Der Herr aber schaute anders auf sein Leben. Er wusste sich geborgen in den Händen des Vaters im Himmel. Er schaute über das Ende des menschlichen Lebens hinaus. Er hatte im Sinn, was Gottes Wille war: die von Gott weglaufenden Menschen wieder heimzuführen in dessen Vaterhaus, damit sie dort den Frieden, das bleibende Leben finden, dem sie vergeblich hier in dieser Welt nachjagen.
Für mich enthält menschliche Geschichte immer auch Heilsgeschichte. Gott führt sein Volk. Er führt auch heute die Geschicke der Völker - so sehr wir Fragen haben und oft nicht verstehen, warum so viel Leid und Elend von Gott zugelassen wird.
Gott will mit Hilfe unserer Freiheit dem zum Durchbruch verhelfen, was er im Sinn hat.

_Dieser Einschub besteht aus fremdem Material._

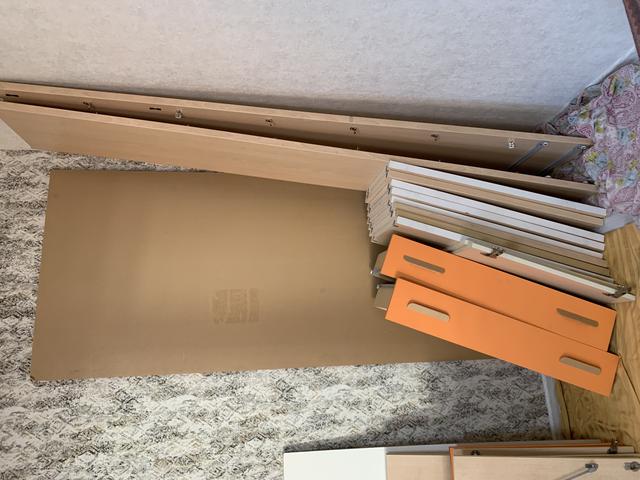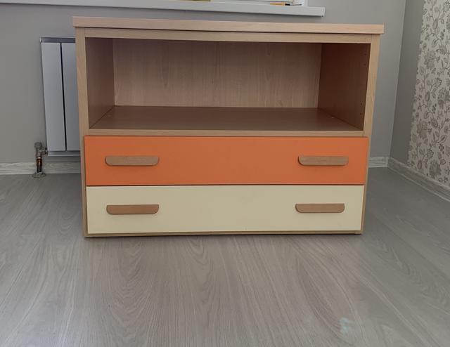 Продаю набор шкафов (служили детским гарнитуром), в который входит: подставка для ТВ, три подвесные полки, книжный шкаф, шкаф для одежды, компьютерный шкаф ( можно использовать и для другого назначения, довольно универсальный). Это один набор , материал- массив ясеня, цвет- оранжевый и ванильный. На данный момент набор находится в квартире в разборе, все части на месте, сгруппированы (на фото в схеме). Подставка для ТВ собрана. Разбор/сбор трудностей не вызывает, если что подскажем ☺️ Внутренние полки шкафа для ПК (схема 3) можно комбинировать, они также закрываются дверками, имеется возможность поставить шкаф на колесики. Комбинируются и цвета выдвижных ящичков (они двух цветов: оранжевый и ванильный). Мебель была заказана из Италии, завод Colligaris. Остальные вопросы лично , можно посмотреть непосредственно в квартире, торг на месте

Und wir fangen an, es immer mehr zu begreifen: Nicht das Geld und der Wohlstand werden uns retten, sondern die Treue und die Solidarität, in der wir - angefangen in den Familien bis hin zur Völkergemeinschaft - einander beistehen. Nicht wissenschaftlicher und technischer Forschritt allein machen die Zukunft human, sondern das Mitfühlen mit dem Nächsten, die Empathie mit seiner Not, die konkrete Nächstenliebe. Humanität und Solidarität hängen nicht vom Intelligenzquotienten ab. Sie hängen davon ab, ob wir ein offenes, mitfühlendes Herz haben - und eine Hand, die bereit ist zum Helfen.
Und lasst mich auch diesen Gedanken hier aussprechen: Auch unsere Kirche wird Zukunft haben: nicht als eine "Festungskirche", die sich hinter Mauern und Zinnen vor der bösen Welt verschanzt, sondern als eine Gemeinschaft von Menschen, die mit anderen Menschen, mit den vielen Völkern, Rassen und Religionen solidarisch den Weg in die Zukunft hinein geht - im Wissen um die eigene Schwäche und das eigene Versagen, aber auch im Wissen darum, dass sie als Kirche im Evangelium und in den heiligen Mysterien ihres Glaubens Schätze bewahrt, die für alle Menschen von Bedeutung sind. Intolerante Christen sind für mich ungläubige Christen. Sie wollen selbst Gott spielen und nicht zulassen, dass er Gott und Vater für alle Menschen sein will. Und diese Aussage gilt für alle Religionen. Fanatismus und wahre Religion schließen einander aus.
Darum ist es wichtig, dass auch bei uns an Gott glaubende Menschen da sind, dass heute und morgen auch in einer säkularen Gesellschaft das Evangelium von Jesus Christus verkündet, dass mit Dank und in Freude Gottesdienst gefeiert und die Nächstenliebe nicht vergessen wird. Ich lade meine Thüringer Landsleute ein: Kommt nicht nur an den Tagen des offenen Denkmals in die Kirche, kommt auch zu dem, wozu diese Kirchen gebaut wurden, den Gottesdiensten: um dort Gottes Wort zu hören und dem zu danken, der uns Leben und Heil zu schenken vermag.
So lasst uns im Vertrauen weiter unterwegs bleiben! Gottes Segen begleite uns dabei. Amen.